**WORK ITEM:** Retype all the entries word for word, but omit the pictures.

Stored data entries:
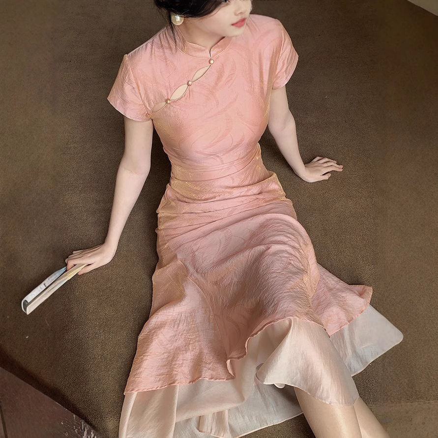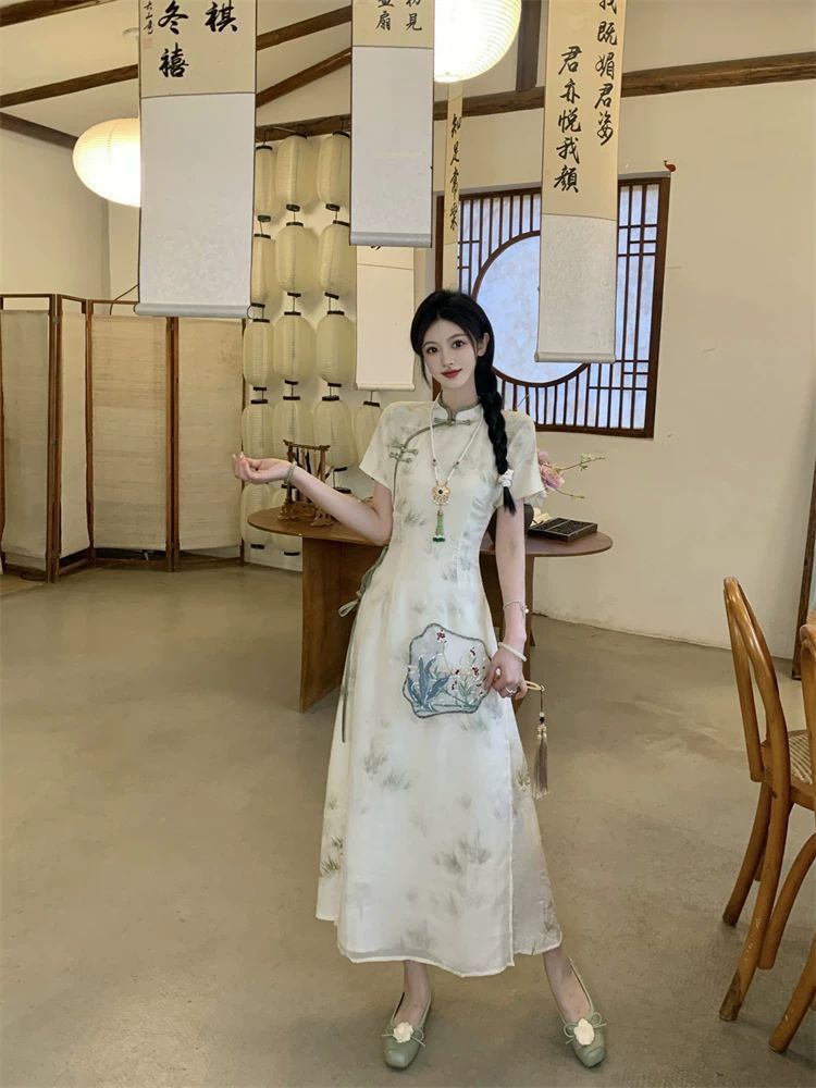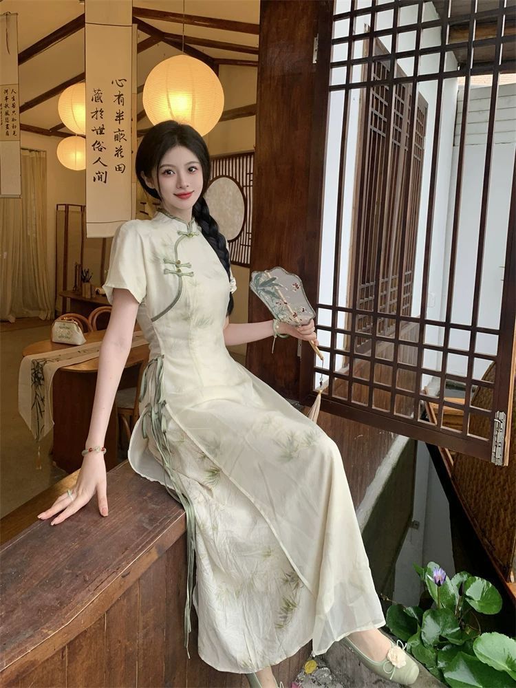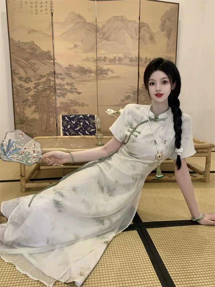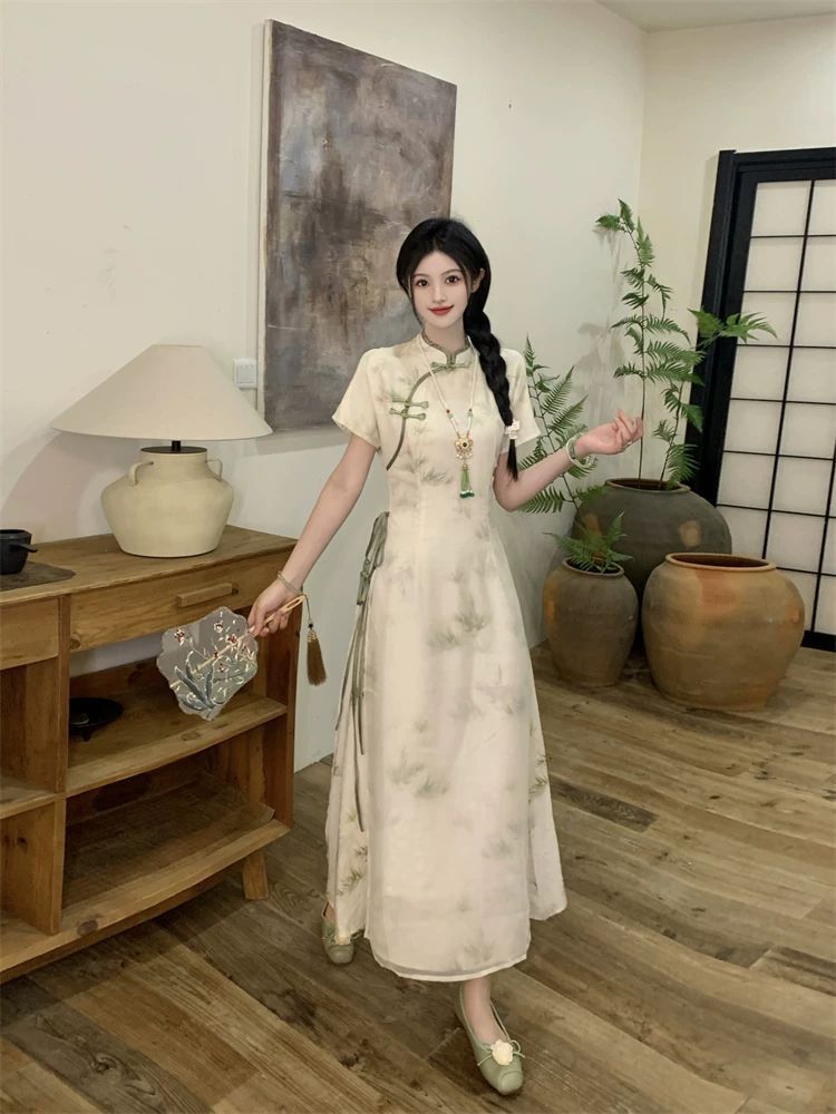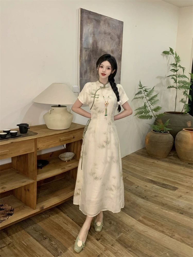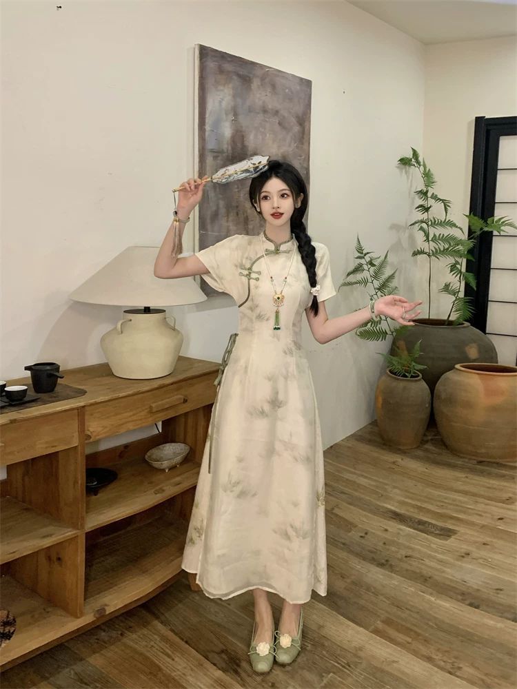 婚約デイリーチャイナドレス中国風レトロ改良ドレス女性の夏のプリント新中国風 2025 新しいスタイル
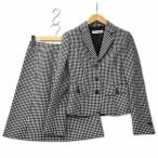 STUDIO BILL BLASS ビルブラス ウール シルク ブレンド ラメ入り 千鳥格子 スカート スーツ セットアップ 7AR ブラック × ホワイト レディ
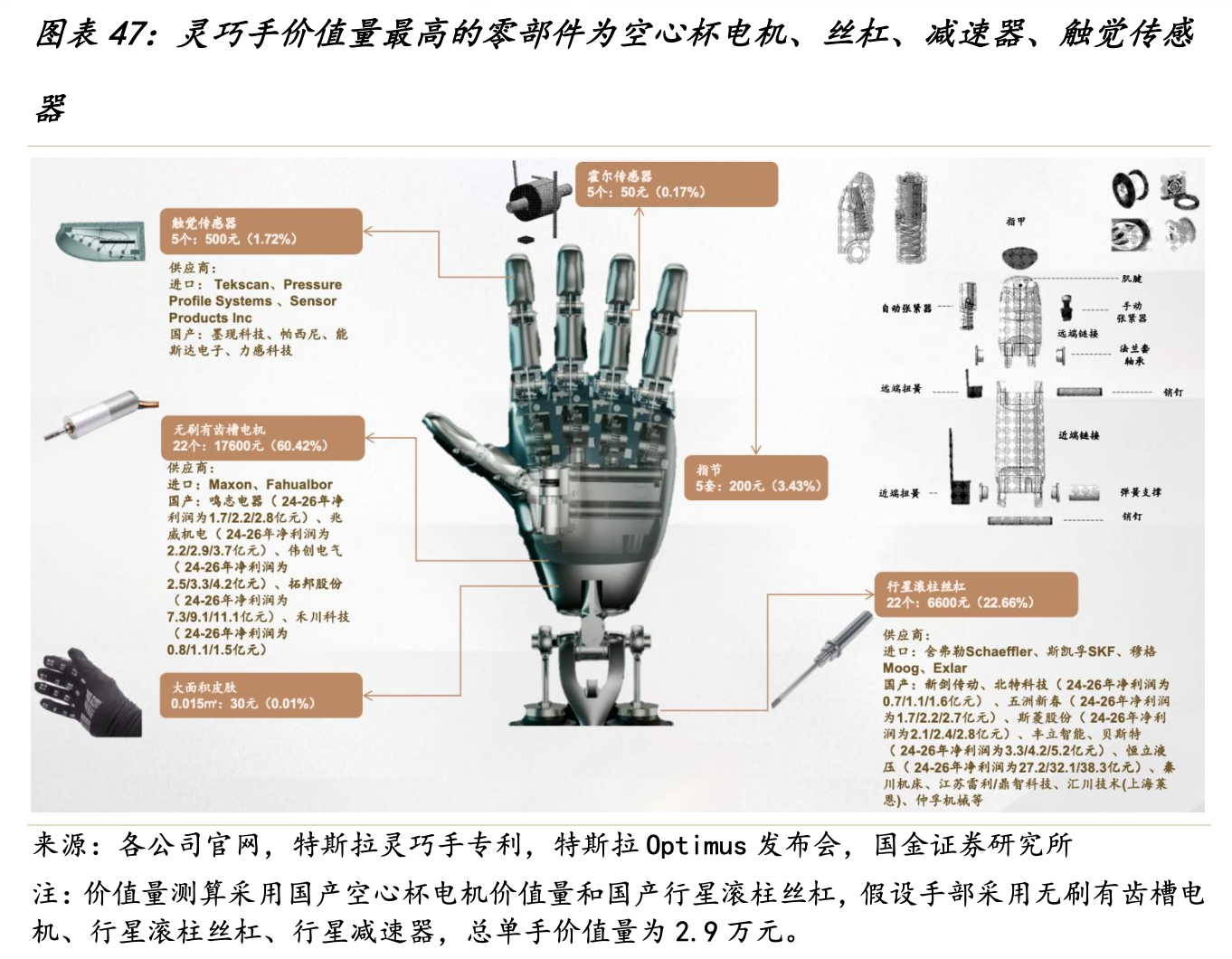 灵巧手是人形机器人成本占比最高的零部件之一,约占整机成本的20%-30%。除了丝杠,电机和传感器也是核心。
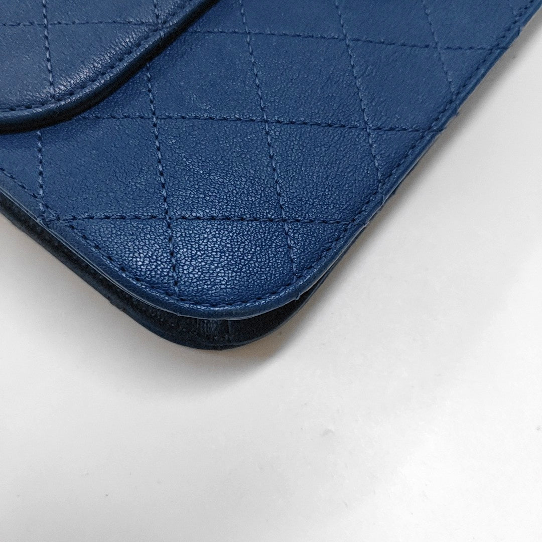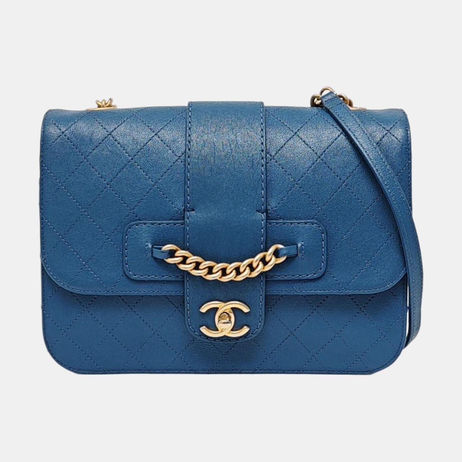 CHANEL FRONT CHAIN FLAP BAG Blue Lamb Skin Quilted Shoulder Bag with Chain Strap, Gold Hardware, 24 Flap-(SKU)-966738258
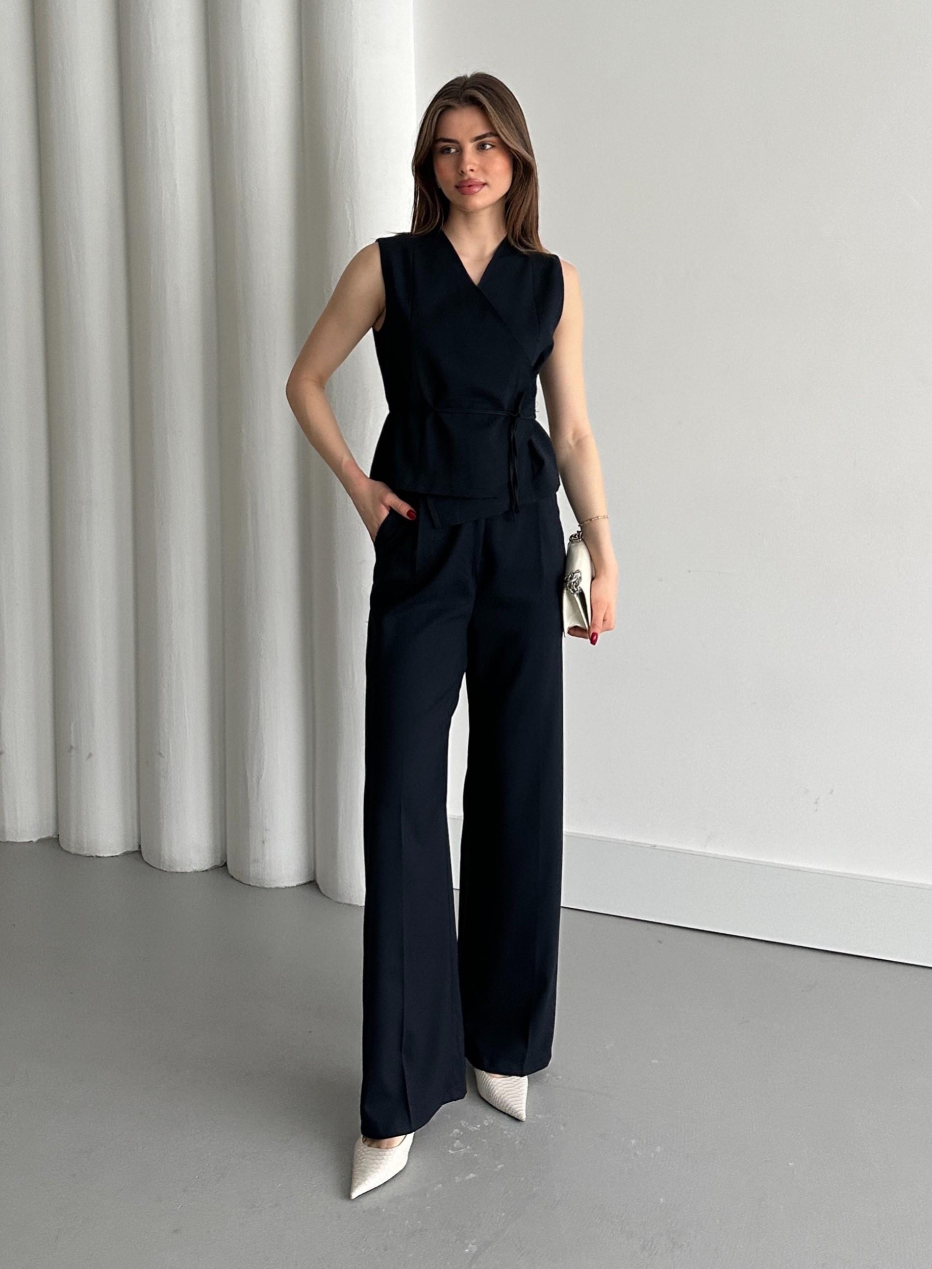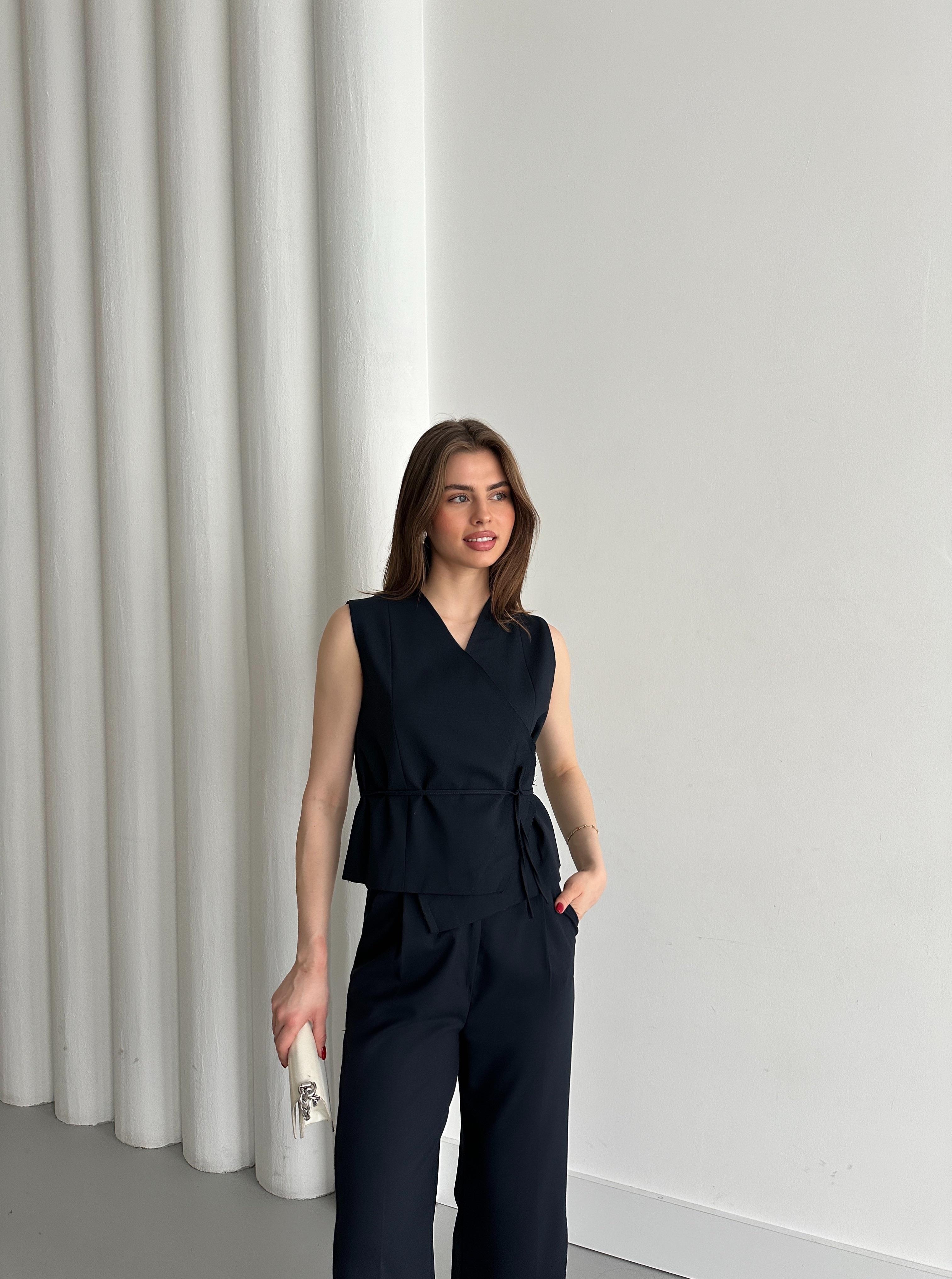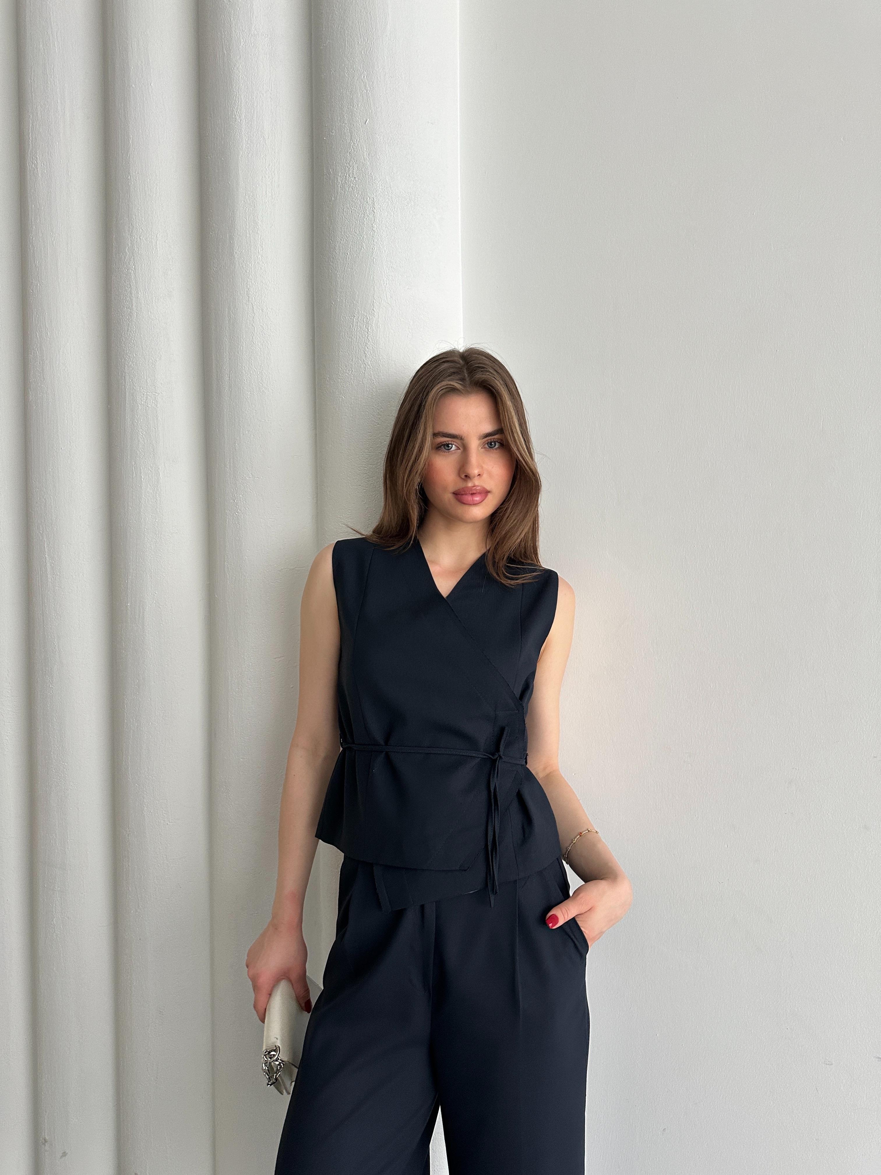 Lacivert Kruvaze Yaka Yelek Pantolon Takım

**SOLUTION TO THE EXERCISE:**
 婚約デイリーチャイナドレス中国風レトロ改良ドレス女性の夏のプリント新中国風 2025 新しいスタイル
 STUDIO BILL BLASS ビルブラス ウール シルク ブレンド ラメ入り 千鳥格子 スカート スーツ セットアップ 7AR ブラック × ホワイト レディ
 灵巧手是人形机器人成本占比最高的零部件之一,约占整机成本的20%-30%。除了丝杠,电机和传感器也是核心。
 CHANEL FRONT CHAIN FLAP BAG Blue Lamb Skin Quilted Shoulder Bag with Chain Strap, Gold Hardware, 24 Flap-(SKU)-966738258
 Lacivert Kruvaze Yaka Yelek Pantolon Takım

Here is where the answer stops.